EXERCISE
Pictures excluded, output the lines of the data below between the one holding "수면 단계 중 '깊은" and the one holding "Bereits zum dritten", inclusive, exactly as they stand.

SUPPLIED RECORDS
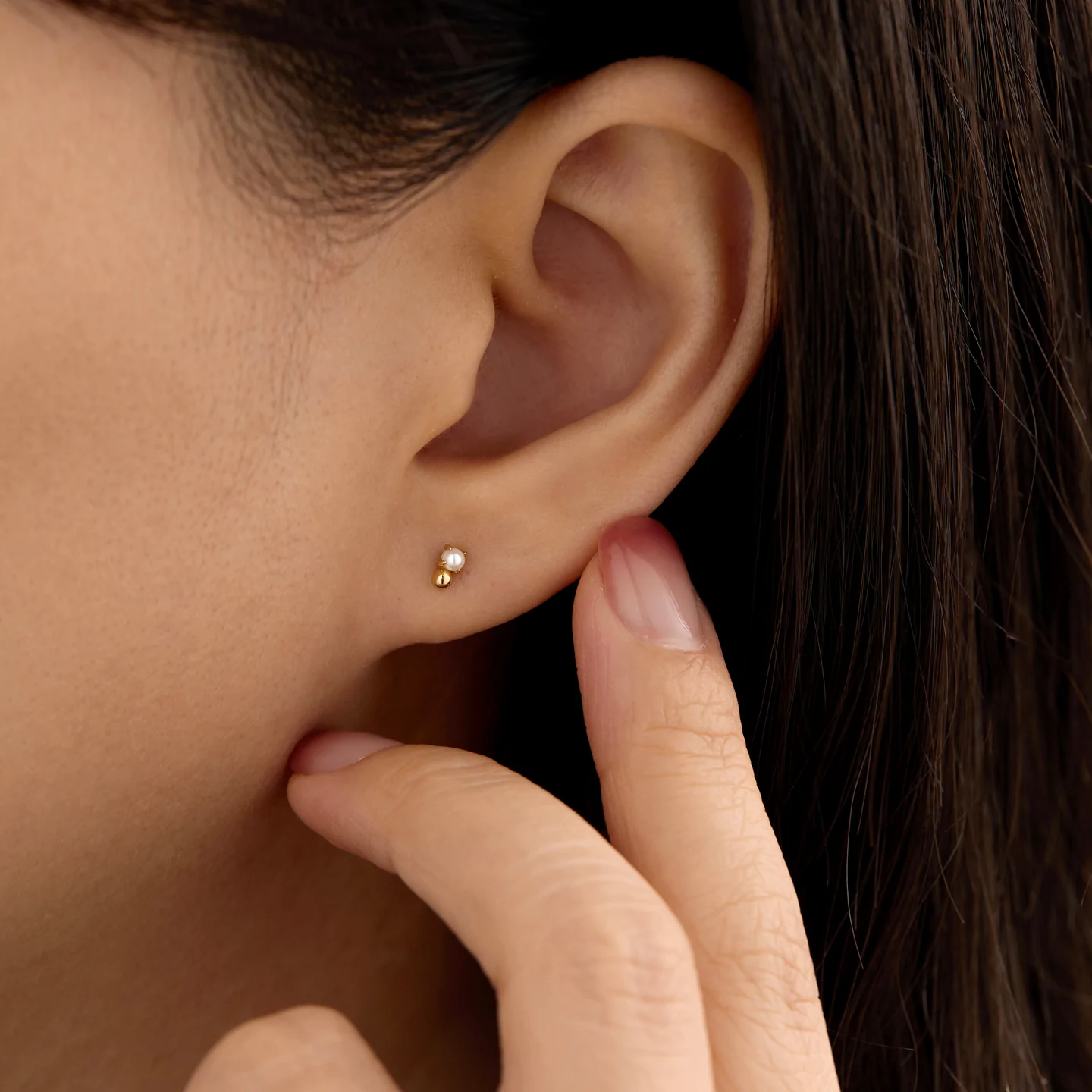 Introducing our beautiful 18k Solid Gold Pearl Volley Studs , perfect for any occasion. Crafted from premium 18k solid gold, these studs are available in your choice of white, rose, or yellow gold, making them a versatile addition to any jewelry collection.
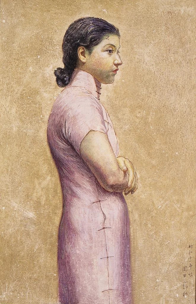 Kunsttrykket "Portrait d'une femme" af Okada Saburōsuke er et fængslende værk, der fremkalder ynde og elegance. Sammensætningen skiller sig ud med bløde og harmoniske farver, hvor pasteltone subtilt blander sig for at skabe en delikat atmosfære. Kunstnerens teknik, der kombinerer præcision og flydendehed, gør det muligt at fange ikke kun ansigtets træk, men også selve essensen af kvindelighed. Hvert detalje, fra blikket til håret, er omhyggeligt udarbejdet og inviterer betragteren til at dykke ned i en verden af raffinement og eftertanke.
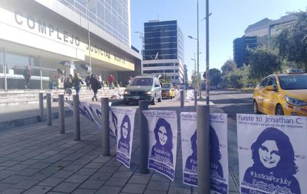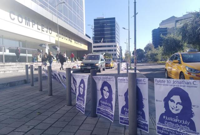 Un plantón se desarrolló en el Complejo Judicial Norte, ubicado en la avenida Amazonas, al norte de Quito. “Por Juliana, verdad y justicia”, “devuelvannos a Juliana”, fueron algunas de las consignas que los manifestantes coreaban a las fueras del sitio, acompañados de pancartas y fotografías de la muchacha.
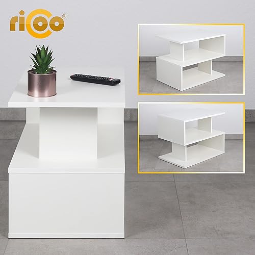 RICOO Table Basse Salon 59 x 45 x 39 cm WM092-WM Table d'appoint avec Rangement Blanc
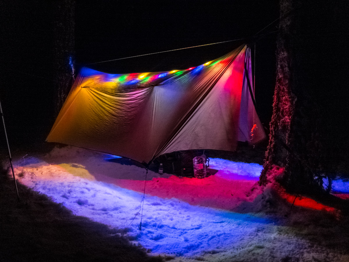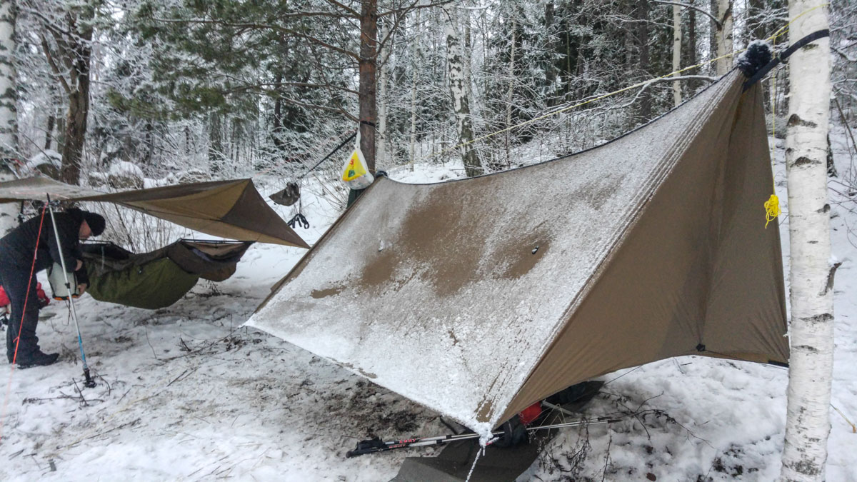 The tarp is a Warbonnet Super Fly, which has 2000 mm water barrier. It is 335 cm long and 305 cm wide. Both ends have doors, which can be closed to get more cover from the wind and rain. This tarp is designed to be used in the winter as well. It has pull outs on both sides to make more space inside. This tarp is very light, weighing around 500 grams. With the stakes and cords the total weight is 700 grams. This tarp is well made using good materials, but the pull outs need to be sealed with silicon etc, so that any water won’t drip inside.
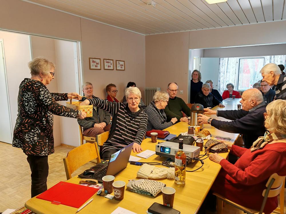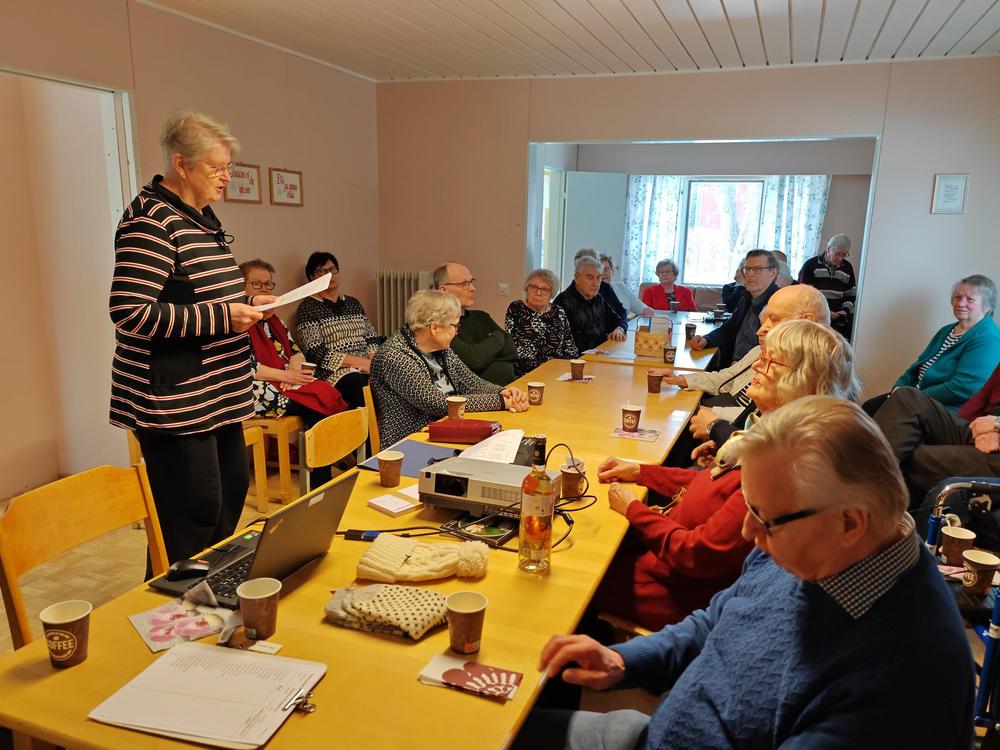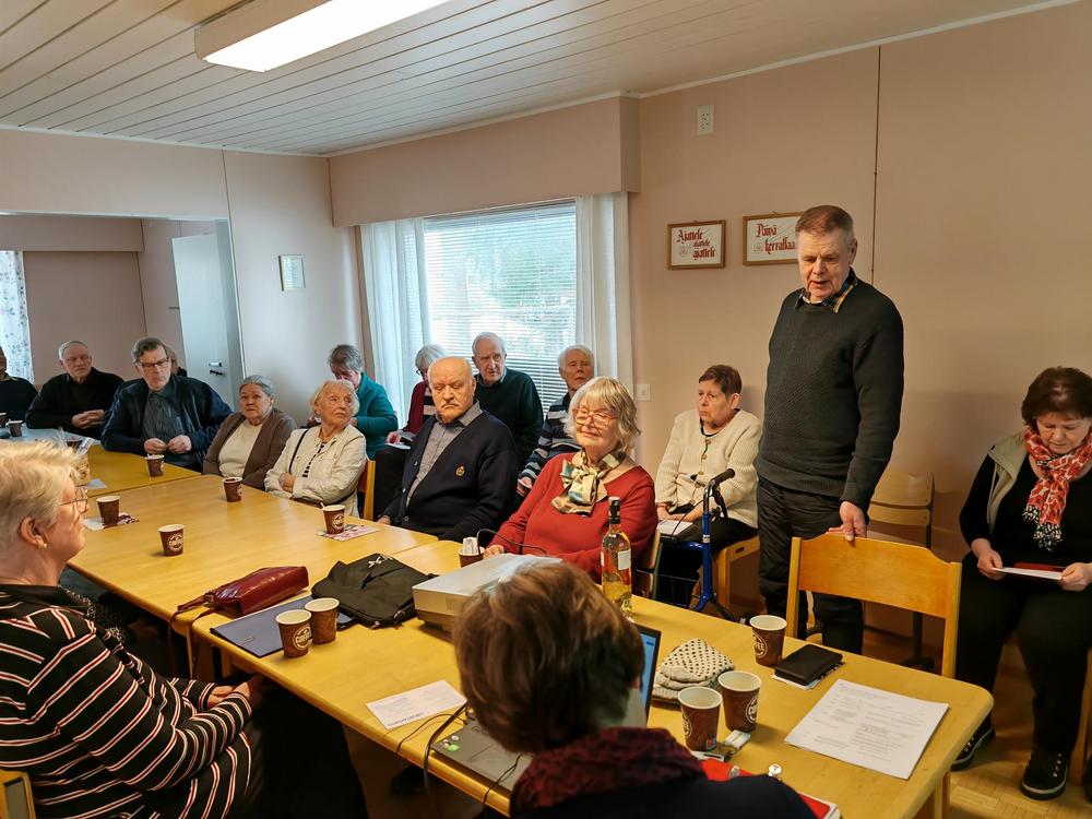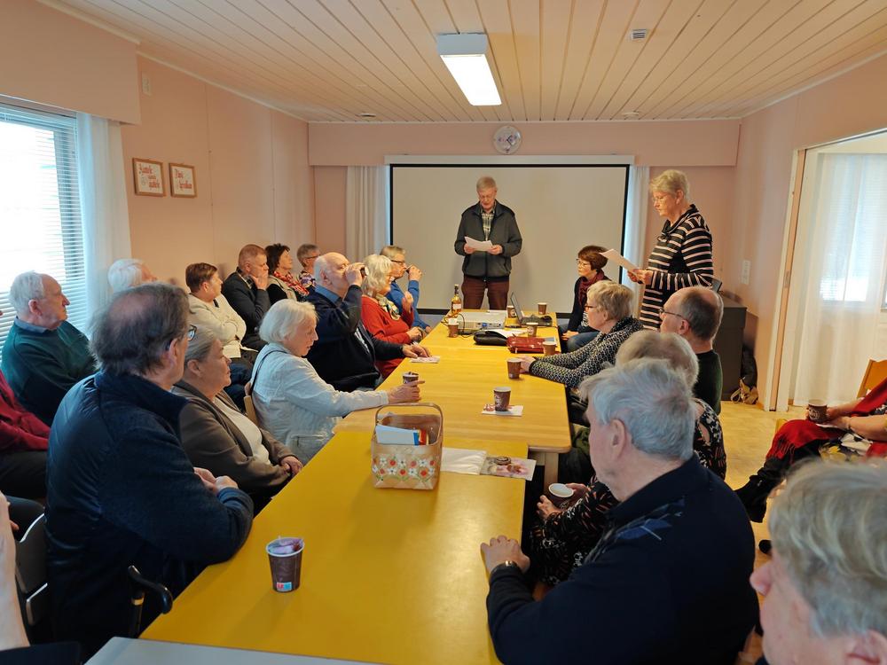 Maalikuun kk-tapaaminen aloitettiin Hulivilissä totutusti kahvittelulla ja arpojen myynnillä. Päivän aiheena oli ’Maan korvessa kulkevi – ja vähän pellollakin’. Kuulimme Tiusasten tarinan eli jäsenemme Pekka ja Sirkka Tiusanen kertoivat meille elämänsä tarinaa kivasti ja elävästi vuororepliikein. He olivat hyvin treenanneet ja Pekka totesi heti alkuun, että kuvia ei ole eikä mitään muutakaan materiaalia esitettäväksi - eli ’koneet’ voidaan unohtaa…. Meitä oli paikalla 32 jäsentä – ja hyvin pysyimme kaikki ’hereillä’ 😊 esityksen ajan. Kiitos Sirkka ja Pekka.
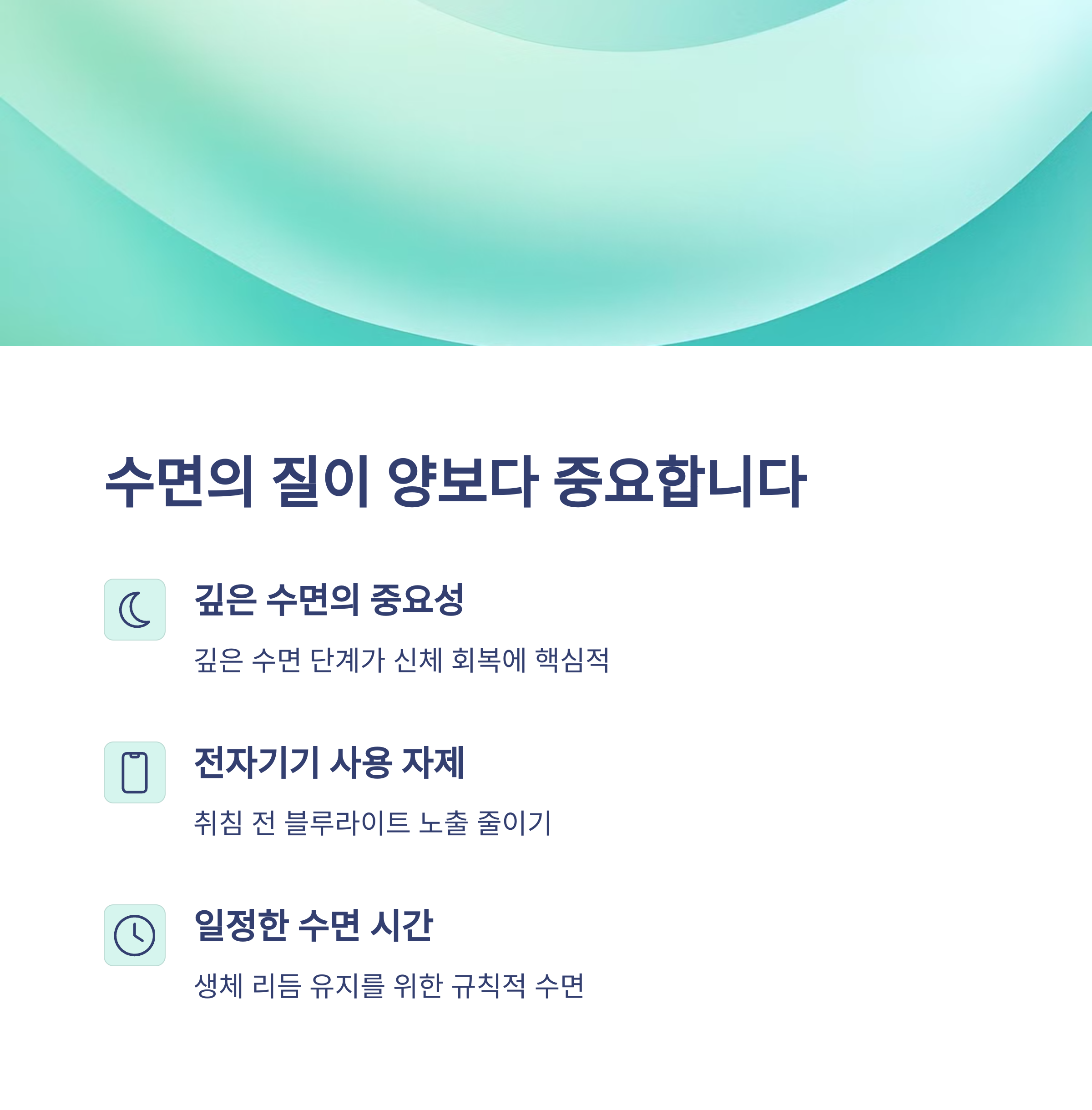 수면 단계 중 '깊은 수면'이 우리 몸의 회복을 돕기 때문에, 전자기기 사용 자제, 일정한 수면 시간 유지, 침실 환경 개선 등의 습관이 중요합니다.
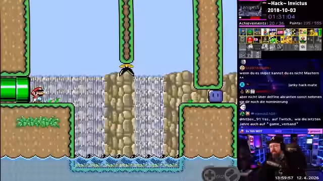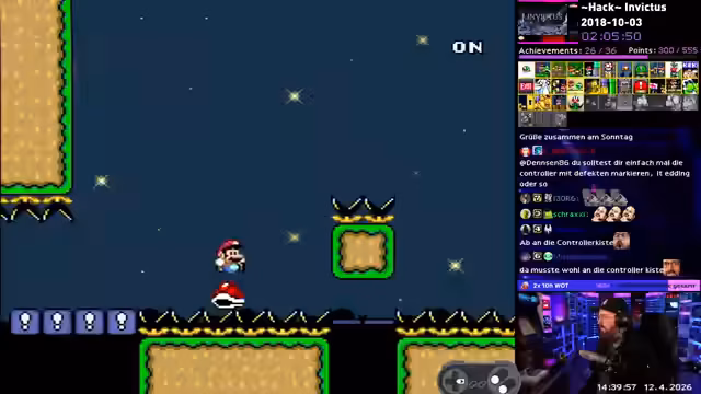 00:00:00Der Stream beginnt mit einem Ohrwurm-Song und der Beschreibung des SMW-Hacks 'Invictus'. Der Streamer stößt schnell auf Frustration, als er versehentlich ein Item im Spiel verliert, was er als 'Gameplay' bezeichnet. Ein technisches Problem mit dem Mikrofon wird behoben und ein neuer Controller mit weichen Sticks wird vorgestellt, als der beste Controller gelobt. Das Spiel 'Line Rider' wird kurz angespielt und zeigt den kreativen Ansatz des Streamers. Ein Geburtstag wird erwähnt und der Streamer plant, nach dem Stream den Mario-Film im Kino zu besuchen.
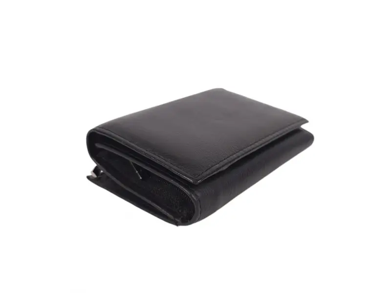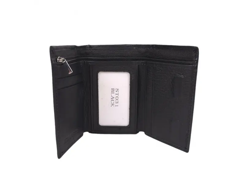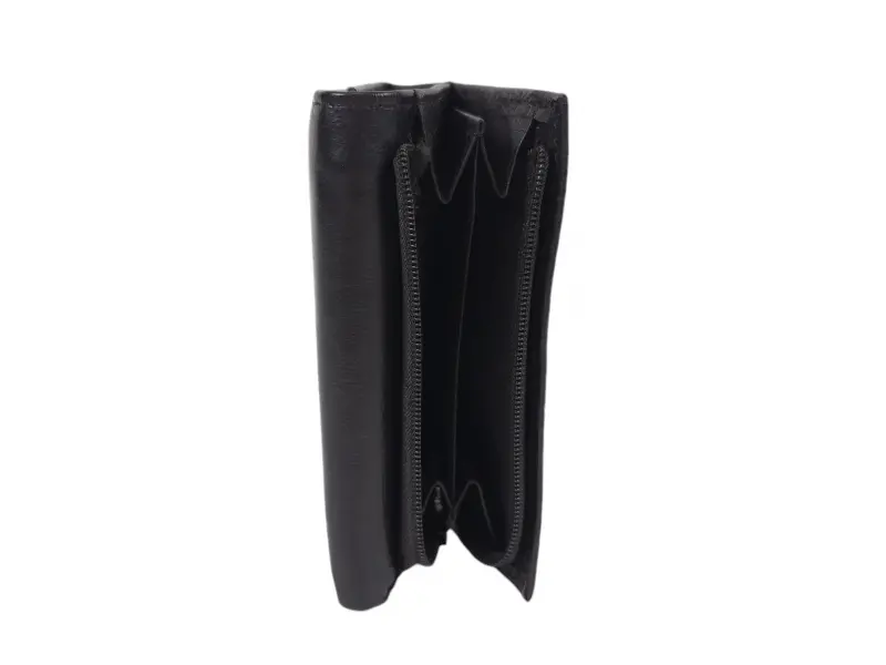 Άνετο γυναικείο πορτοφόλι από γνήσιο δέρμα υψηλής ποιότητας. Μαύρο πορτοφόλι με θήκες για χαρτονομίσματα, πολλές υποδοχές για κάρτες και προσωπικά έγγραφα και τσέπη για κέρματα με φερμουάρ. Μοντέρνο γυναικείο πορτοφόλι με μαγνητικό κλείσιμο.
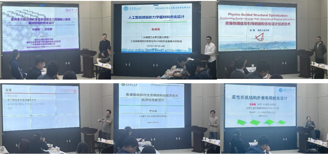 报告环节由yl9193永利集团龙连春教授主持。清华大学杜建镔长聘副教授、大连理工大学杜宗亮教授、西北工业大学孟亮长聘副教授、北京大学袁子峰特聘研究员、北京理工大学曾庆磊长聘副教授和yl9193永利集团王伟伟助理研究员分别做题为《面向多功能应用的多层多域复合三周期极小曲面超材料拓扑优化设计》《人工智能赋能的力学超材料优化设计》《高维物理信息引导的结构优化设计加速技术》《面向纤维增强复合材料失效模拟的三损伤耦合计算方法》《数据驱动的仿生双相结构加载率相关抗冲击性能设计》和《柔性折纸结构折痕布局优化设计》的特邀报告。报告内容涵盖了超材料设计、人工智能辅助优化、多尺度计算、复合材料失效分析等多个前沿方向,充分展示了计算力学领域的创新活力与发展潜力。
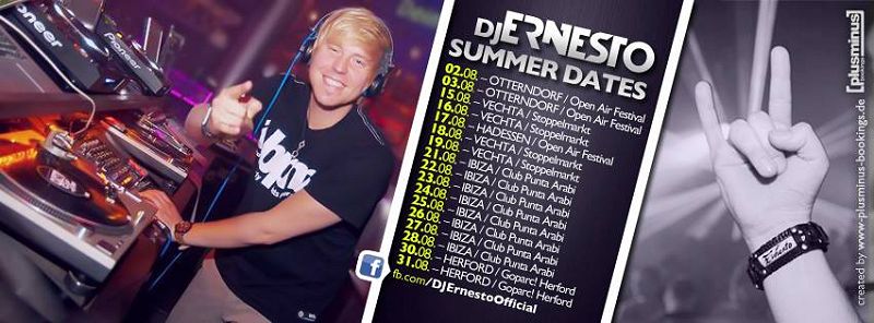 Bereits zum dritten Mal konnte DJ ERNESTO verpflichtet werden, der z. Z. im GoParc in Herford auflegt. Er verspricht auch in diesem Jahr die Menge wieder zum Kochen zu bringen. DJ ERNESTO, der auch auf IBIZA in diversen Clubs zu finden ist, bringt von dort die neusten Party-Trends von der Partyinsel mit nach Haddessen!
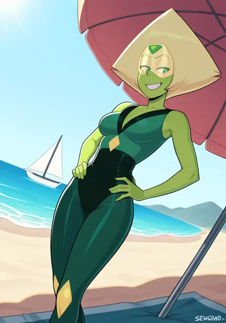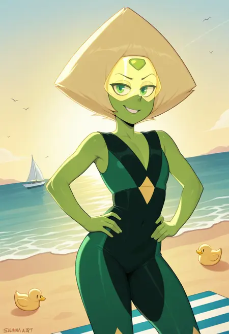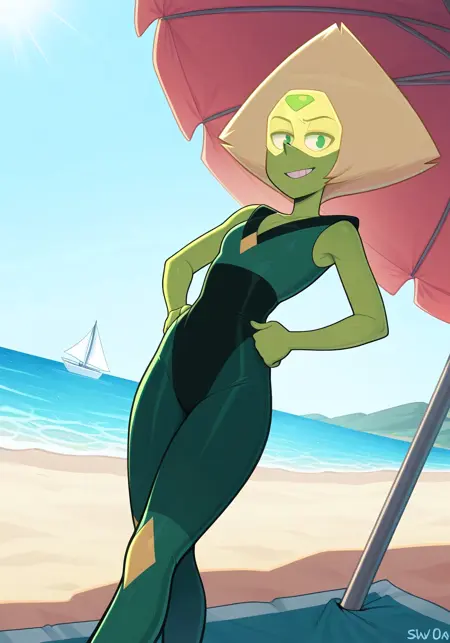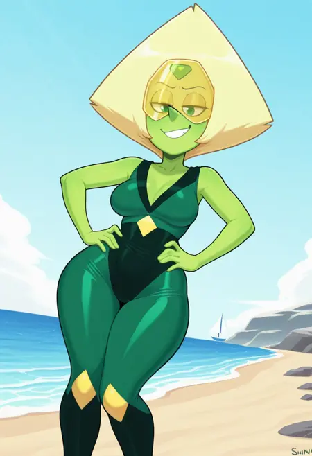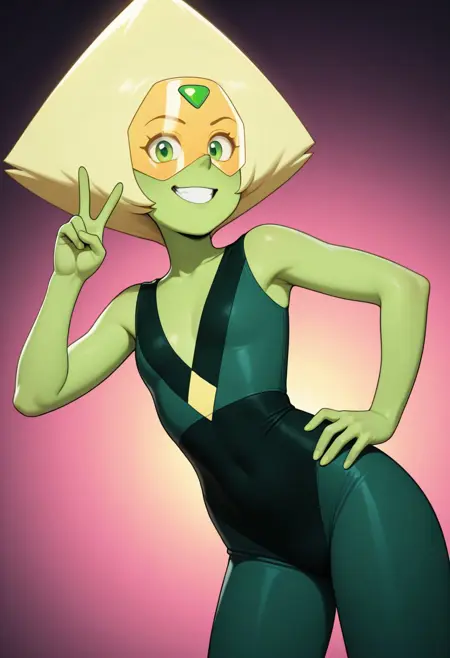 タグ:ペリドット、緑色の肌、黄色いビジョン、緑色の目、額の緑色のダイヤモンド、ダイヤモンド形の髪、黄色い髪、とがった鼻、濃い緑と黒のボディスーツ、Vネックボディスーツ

EXERCISE SOLUTION
 수면 단계 중 '깊은 수면'이 우리 몸의 회복을 돕기 때문에, 전자기기 사용 자제, 일정한 수면 시간 유지, 침실 환경 개선 등의 습관이 중요합니다.
 00:00:00Der Stream beginnt mit einem Ohrwurm-Song und der Beschreibung des SMW-Hacks 'Invictus'. Der Streamer stößt schnell auf Frustration, als er versehentlich ein Item im Spiel verliert, was er als 'Gameplay' bezeichnet. Ein technisches Problem mit dem Mikrofon wird behoben und ein neuer Controller mit weichen Sticks wird vorgestellt, als der beste Controller gelobt. Das Spiel 'Line Rider' wird kurz angespielt und zeigt den kreativen Ansatz des Streamers. Ein Geburtstag wird erwähnt und der Streamer plant, nach dem Stream den Mario-Film im Kino zu besuchen.
 Άνετο γυναικείο πορτοφόλι από γνήσιο δέρμα υψηλής ποιότητας. Μαύρο πορτοφόλι με θήκες για χαρτονομίσματα, πολλές υποδοχές για κάρτες και προσωπικά έγγραφα και τσέπη για κέρματα με φερμουάρ. Μοντέρνο γυναικείο πορτοφόλι με μαγνητικό κλείσιμο.
 报告环节由yl9193永利集团龙连春教授主持。清华大学杜建镔长聘副教授、大连理工大学杜宗亮教授、西北工业大学孟亮长聘副教授、北京大学袁子峰特聘研究员、北京理工大学曾庆磊长聘副教授和yl9193永利集团王伟伟助理研究员分别做题为《面向多功能应用的多层多域复合三周期极小曲面超材料拓扑优化设计》《人工智能赋能的力学超材料优化设计》《高维物理信息引导的结构优化设计加速技术》《面向纤维增强复合材料失效模拟的三损伤耦合计算方法》《数据驱动的仿生双相结构加载率相关抗冲击性能设计》和《柔性折纸结构折痕布局优化设计》的特邀报告。报告内容涵盖了超材料设计、人工智能辅助优化、多尺度计算、复合材料失效分析等多个前沿方向,充分展示了计算力学领域的创新活力与发展潜力。
 Bereits zum dritten Mal konnte DJ ERNESTO verpflichtet werden, der z. Z. im GoParc in Herford auflegt. Er verspricht auch in diesem Jahr die Menge wieder zum Kochen zu bringen. DJ ERNESTO, der auch auf IBIZA in diversen Clubs zu finden ist, bringt von dort die neusten Party-Trends von der Partyinsel mit nach Haddessen!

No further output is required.